Mirrors in the Deluge Read online

Page 7


  “Now I will confess something that might make me seem unduly naïve or perverse, namely that I wanted to proceed in this simple style, like a carefree gypsy, for the entire duration of my journey. It was a romantic notion I had of myself, a foolish one too, but I believed I had the stamina to truly become what I wanted to be. To travel and lodge in comfort seemed a betrayal of my aspirations, and that is why I rejected the funds given by my friends, though I had no wish to hurt their feelings. They would never know of my poverty until I returned, eventually, to reclaim my treasure and pass my old age in luxury, saturated with worldly experiences.

  “Naturally, this was a gross misjudgement on my part. Walking everywhere in one pair of shoes and sleeping rough in all seasons is horribly taxing; a way of life that toughens the body and mind in one way but weakens both in others. I became a beggar, a scavenger, a thief, but by the time I was at my lowest ebb I was already too far from my home city to contemplate an easy return. Plus I could not bear the thought of losing face in front of my friends and neighbours. I resolved to keep travelling but with an adjustment to my procedure, an adjustment that would reduce the area to be covered by a fellow now in a state of malnutrition, but without loss of knowledge of far places...”

  Although I had planned to remain silent during his tale, I found myself asking, “And how did you accomplish this?”

  He winked behind his pale blue lenses, first his right eye, then his left. “I used proxies! My system is simplicity itself and has served me admirably ever since, or at least until I met you. I no longer hope to visit in person every land in the world. Instead I walk in a straight line – as straight as possible – until I meet a stranger coming the other way. I hail him and ask for information regarding the lands that are ahead of me but behind him. When I have heard everything there is to be said, I commit all the details to memory and then I abruptly change my direction.

  “I change my direction always by ninety degrees, no more or less, so my progress consists of a series of right angles. The question you are about to ask is: how do I decide to turn left or right? First, I ask the stranger for a low value coin, then I toss this and consult the result. Heads means right, tails means left. If the stranger refuses to give me any charity, I use another method: the direction of the wind, the croaking of frogs, there are innumerable ways of choosing. I never turn back, never retrace my steps – that is a rule I refuse to break. The ground I tread must always be new.

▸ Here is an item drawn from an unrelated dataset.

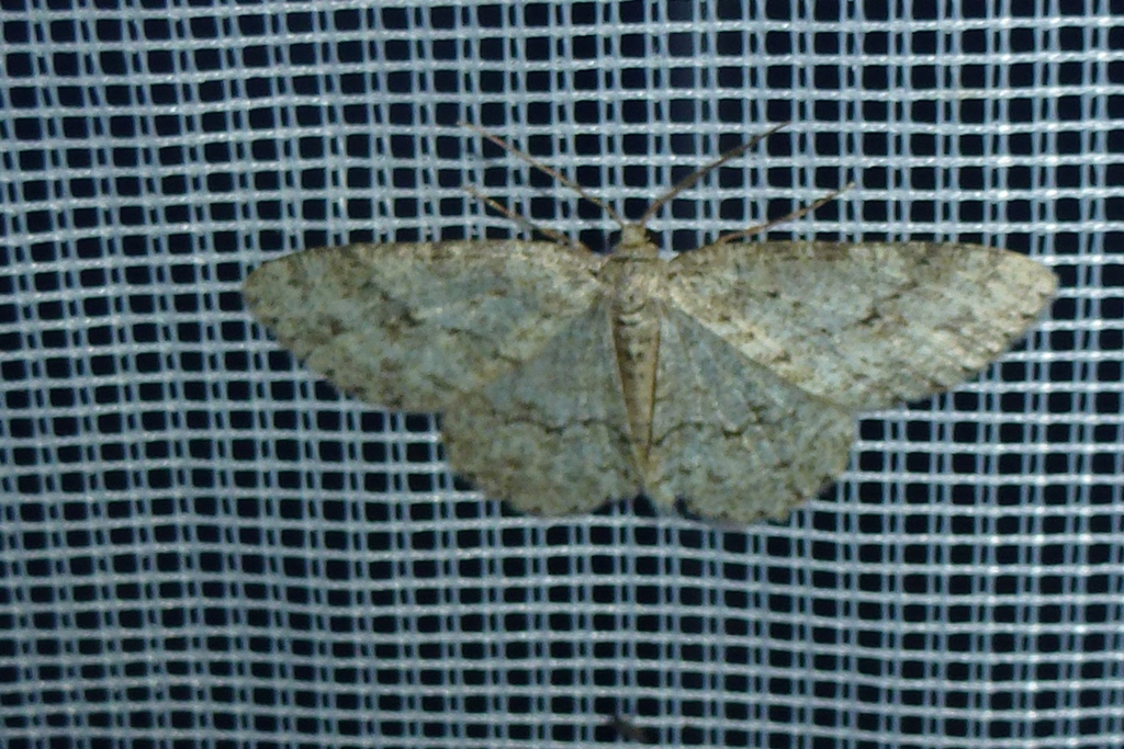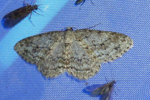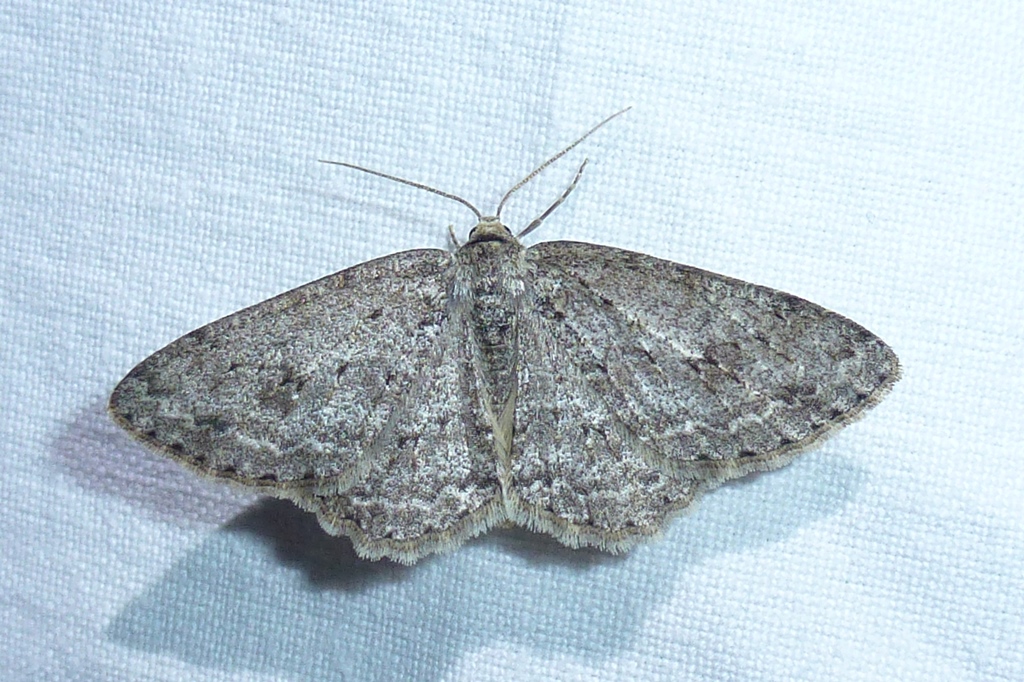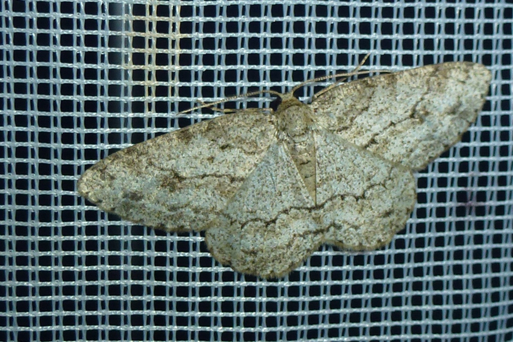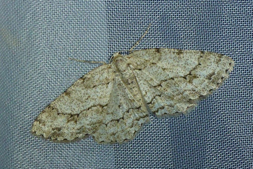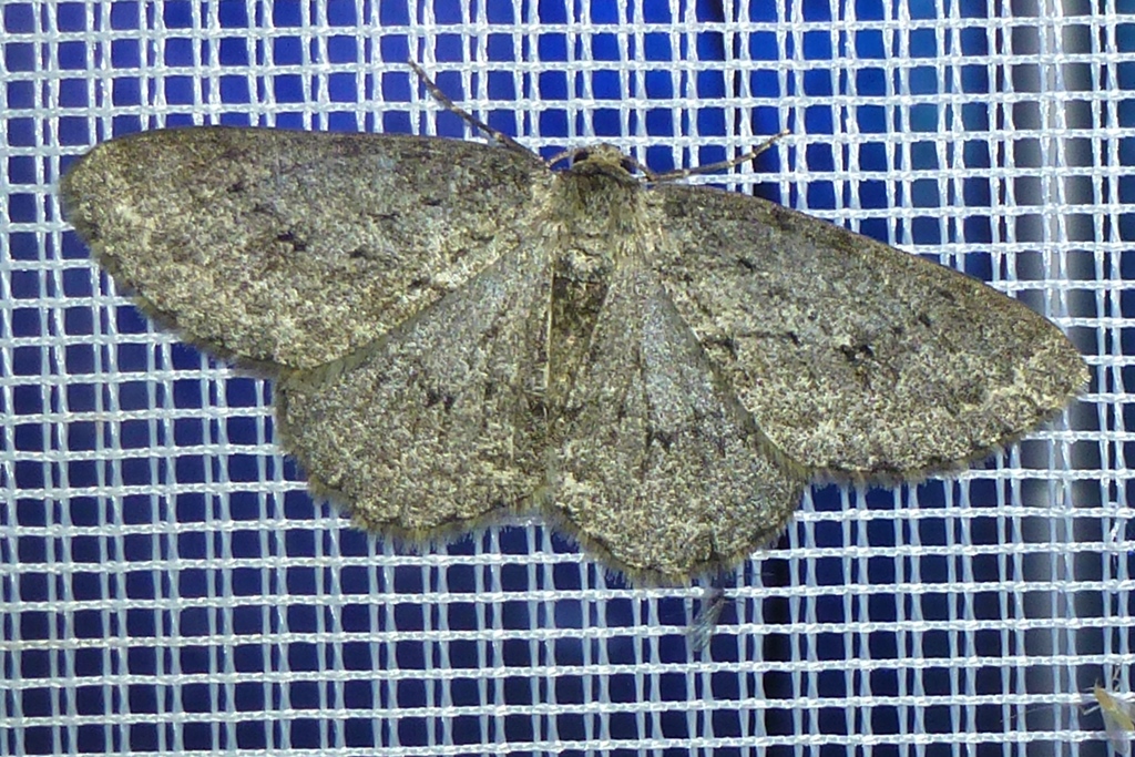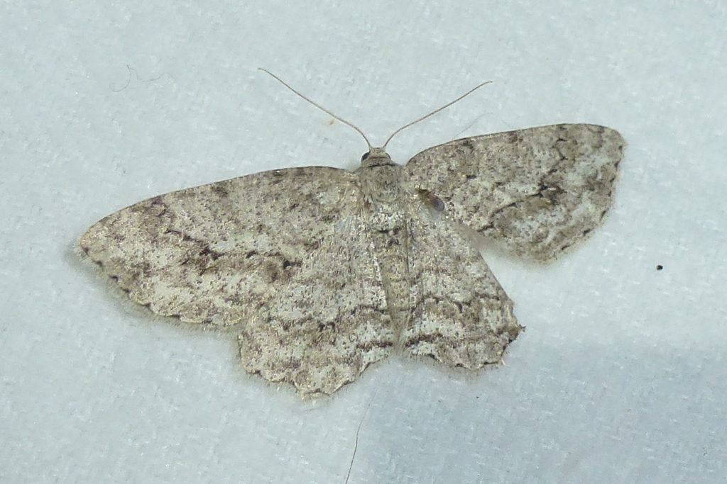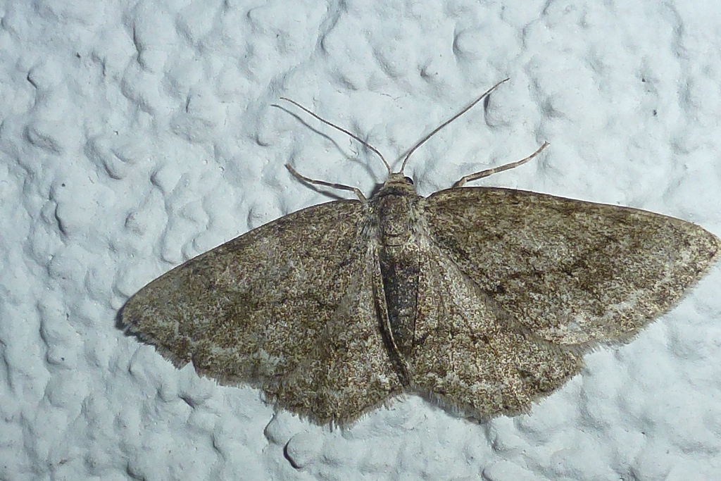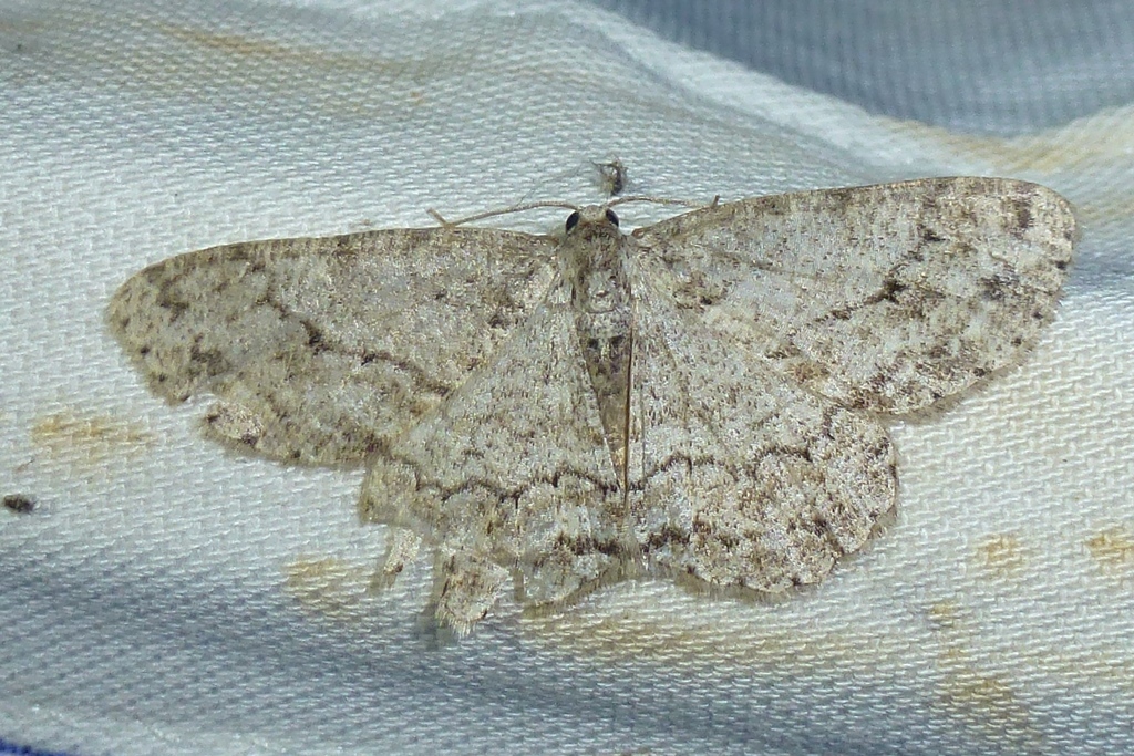 Ectropis crepuscularia (Denis & Schiffermüller, 1775), Chemnitz: Zeisigwald//Planitzwiese, 11.4.2018, seit Tagen frühsommerliche Temperaturen, passiver Lichtfang an hellem Gebäude, natürliche Farbe grau-grün

  “You consider me a little cracked in the head? But my system is an effective method of travelling mostly by hearsay. For a poor man it is a beautiful abridgment and compression of the great outside. It saves my poor bones much toil and my feet much wear. I see what I can see with my own eyes but I also borrow, in a manner of speaking, the eyes of those who have gone to places I never have and never will. This is not cheating, it is merely a form of good management. And one day, purely by chance, I will find that I have gone in a giant loop. I will see my home city on the horizon and enter it with a light heart, my long journey completed, my ambition fulfilled.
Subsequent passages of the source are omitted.